Unexpectedly weak job creation in the American economy in September prompted traders to dampen expectations of an imminent Federal Reserve interest rate rise and stoked fears that troubles in the global financial markets are having an impact on the US.

The Department of Labor  reported that 142,000 non-farm jobs were created in the month, well down on the 201,000 that analysts had expected and below the average gain this year of 198,000.

The report instantly sent the dollar index down 0.62 per cent and 10-year Treasury bond yields declined 12 basis points to 1.942, as markets discounted the likelihood of a rate hike later this month.

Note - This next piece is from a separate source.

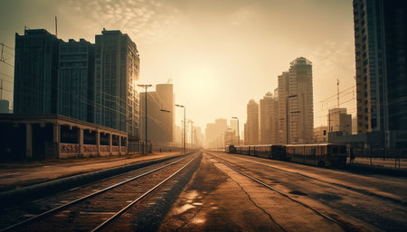 Abandoned industrial area of the city in the rays of the setting sun, Realistic Post Apocalypse Landscape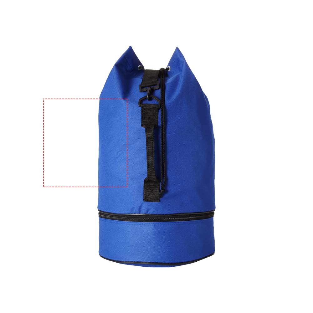 Plunjezak met trekkoordsluiting, zijgreep en verstelbare schouderband. Apart ondervak met rits.

US equities also fell, with the Dow Jones opening 1.5 per cent lower.

“Such a woefully weak jobs number is likely to push back any rate hike into 2016, and has unsurprisingly hit a market that expected a pre-Christmas rise like a bucket of cold water,” David Lamb, the head of dealing at the foreign exchange specialist Fexco, said. 

“This takes October completely off the table [for a rate rise] and obviously makes December questionable as well,” Michael Feroli of JP Morgan added.

Alex Lydall at the foreign exchange firm Foenix Partners suggested the Federal Reserve’s thinking would be affected by the volatility in emerging markets. “The lingering woes of the Chinese slowdown affecting the US mean the domestic recovery of labour and inflation figures will have to be boosted before [Federal Reserve chair] Janet Yellen takes the plunge into calling a rate hike,” he said.

The jobs report also showed average zero wage growth in September, leaving the annual rate of growth at 2.2 per cent. Overall unemployment was unchanged at 5.1 per cent. The participation rate was 62.4 per cent, down slightly from  62.6 per cent previously – a 38-year low.

However, the under-employment rate – which includes part-time workers who would prefer a full-time position, and people who want to work but have given up looking – fell to 10 per cent, the lowest level in seven years.